Soil fauna studies in BES: objectives, methodology and preliminary data (presentation)

Katalin Szlavecz
Dept. of Earth and Planetary Sciences, The Johns Hopkins University, Baltimore, MD 21218

Nancy A. Kreiter
Department of Biology, College of Notre Dame of MD, Baltimore, MD 21210

Csaba Csuzdi
Systematic Zoology Research Group of HAS, Eötvös Loránd University, Budapest, Hungary

Soil communities are responsible for many ecosystem functions. The fauna of these communities processes the majority of dead organic matter and thereby influences the rate of nutrient release. Soil animals also aerate soils and influence the distribution of microorganisms. The composition of soil communities may therefore be important in understanding ecosystem dynamics.

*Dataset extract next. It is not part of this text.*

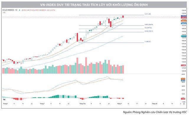 Với sự dịu lại của áp lực bán và tâm lý nhà đầu tư được cải thiện, VN-Index đang đứng trước cơ hội chinh phục mốc 1.700 điểm trong ngắn hạn. Tuy nhiên, lịch sử cho thấy, các giai đoạn chạm ngưỡng tâm lý quan trọng thường đi kèm rung lắc mạnh, đòi hỏi sự bền vững của dòng tiền tham gia. Trong các chu kỳ trước, thị trường thường trải qua nhịp điều chỉnh 8-10% để củng cố nền giá, từ đó hình thành xu hướng tăng mới. Do vậy, chúng tôi cho rằng, VN-Index có thể vượt mốc 1.700 điểm trong ngắn hạn, nhưng sự rung lắc mạnh là điều khó tránh.

There are many factors that determine the community structure of soil biota. In addition to physical conditions, past and present disturbances can affect both species diversity and abundance. We are interested in understanding the influences of the urban environment on both soil community structure and ecosystem function. Our studies focus on the soil invertebrates near the permanent plots established by BES (Oregon Ridge Park, Leakin Park and Hillsdale). In 1999 we sampled soil macroarthropods and earthworms at these sites using pitfall traps, leaf litter sifting, digging and hand sorting, and extraction.

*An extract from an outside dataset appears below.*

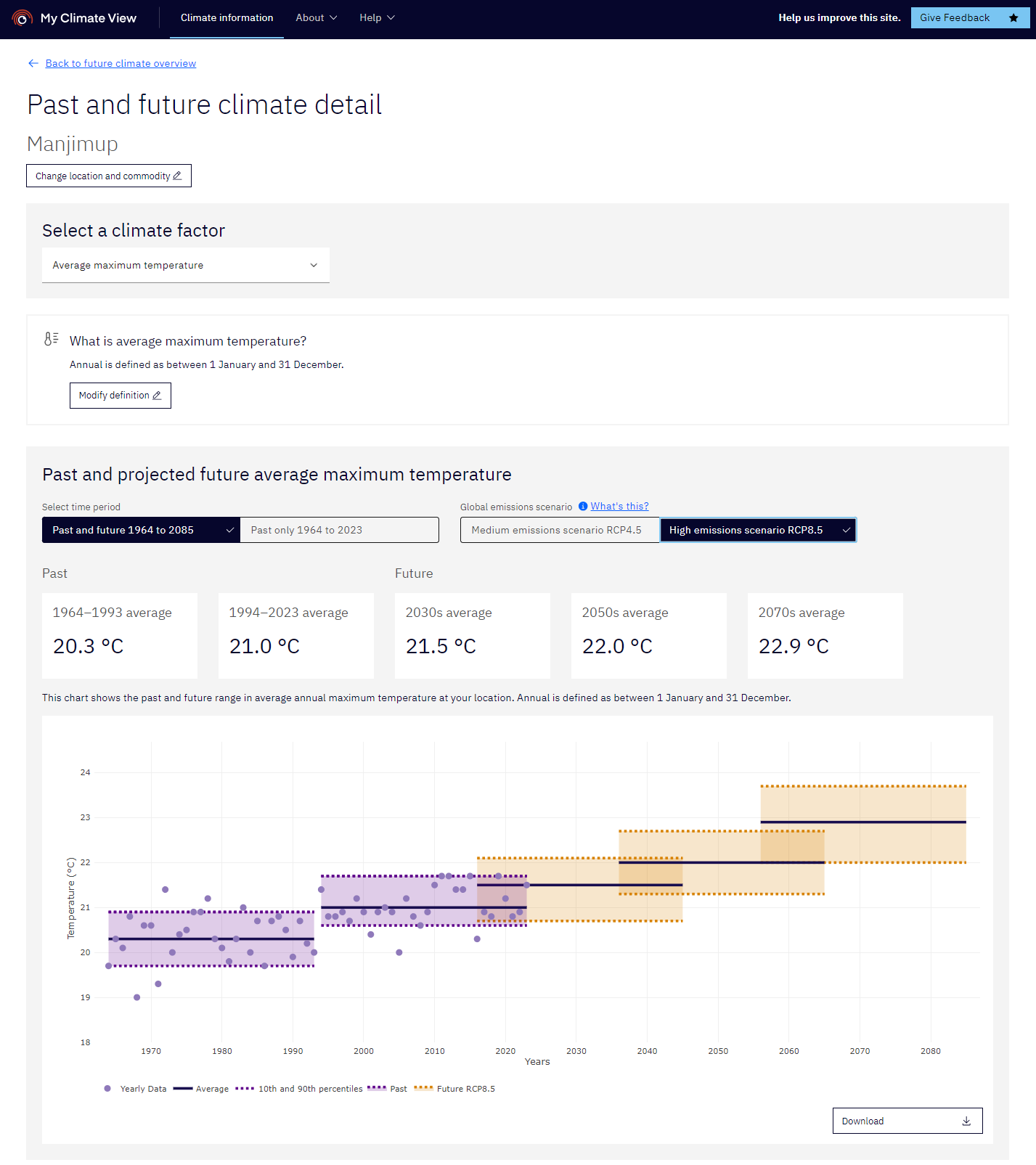 My Climate View provides summary data and visualisations that combine historical data and projections for selected locations and agriculture-relevant climate variables.

Extractions at the urban sites at Leakin Park and Hillsdale yielded higher earthworm biomass and densities than at the Oregon Ridge reference site (Fig. 1). Species richness, however, was higher at Oregon Ridge site at Hillsdale (Table 1). A total of eight species were found at Oregon Ridge, two of which were endemic species and one introduced from Asia. The remaining five species were introduced from Europe. In contrast, only three species were found at the Hillsdale site, all introduced, ubiquitous species common in urban areas. This pattern is similar to that found at other urban sites. We expect to find that earthworm densities will have a great influence on the soil community and processes. Preliminary results by Groffman, Pouyat and Lorefice (see abstract) show differences in nitrification rates among the plots.

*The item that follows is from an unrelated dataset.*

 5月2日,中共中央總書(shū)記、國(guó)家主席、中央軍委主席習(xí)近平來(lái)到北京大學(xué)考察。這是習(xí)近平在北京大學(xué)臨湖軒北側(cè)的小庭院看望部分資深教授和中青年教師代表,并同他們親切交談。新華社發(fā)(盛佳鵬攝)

Figure 1. Biomass (mean ± SE) of earthworms extracted near the BES permanent plots. The Oregon Ridge sampling site is in the vicinity of the upslope plot. Samples were taken in the fall of 1999.

Oregon RidgeHillsdale
Lumbricus rubellus *YN
L. terrestris *YY
Allolobophora caliginosa *YY
Octolasium lacteum *YY
Dendrobaena octaedra *YN
Pheretima sl. **YN
Eisenoides carolinensisYN
Diplocardia farmvillensis YN
Total Number of Species 83
* European Introduced Species
** Asian Introduced Species

Table 1.Earthworm Species Extracted from BES sites

Preliminary litter sifting and sorting for other soil invertebrates indicated that Oregon Ridge is dominated by Hymenoptera (mostly ants), with a density of 488 ind* m-2, followed by Coleoptera (beetles), Araneidea (spiders), and Diplopoda (millipedes). Pitfall traps yielded somewhat different results, with Diplopoda dominating the samples (25%). This difference illustrates the importance of collection techniques, which can greatly influence the organisms sampled. For example, larvae were caught in greater numbers in the sifted samples than in the pitfall traps. Arthropod abundance was generally low due to the extremely dry summer of 1999. Some site differences were found. Isopods were entirely lacking from the Oregon Ridge site, while Leakin Park was found to have an abundant isopod community. The two dominant species here are Cylisticus convexus, and Trachelipus rathkei, both introduced from Europe.

We intend to continue sampling the soil fauna from the BES sites. Our long-term goals include an inventory of the species that compose the soil communities in the rural-to-urban gradient and field experiments to reveal their role in decomposition and forest ecosystem dynamics.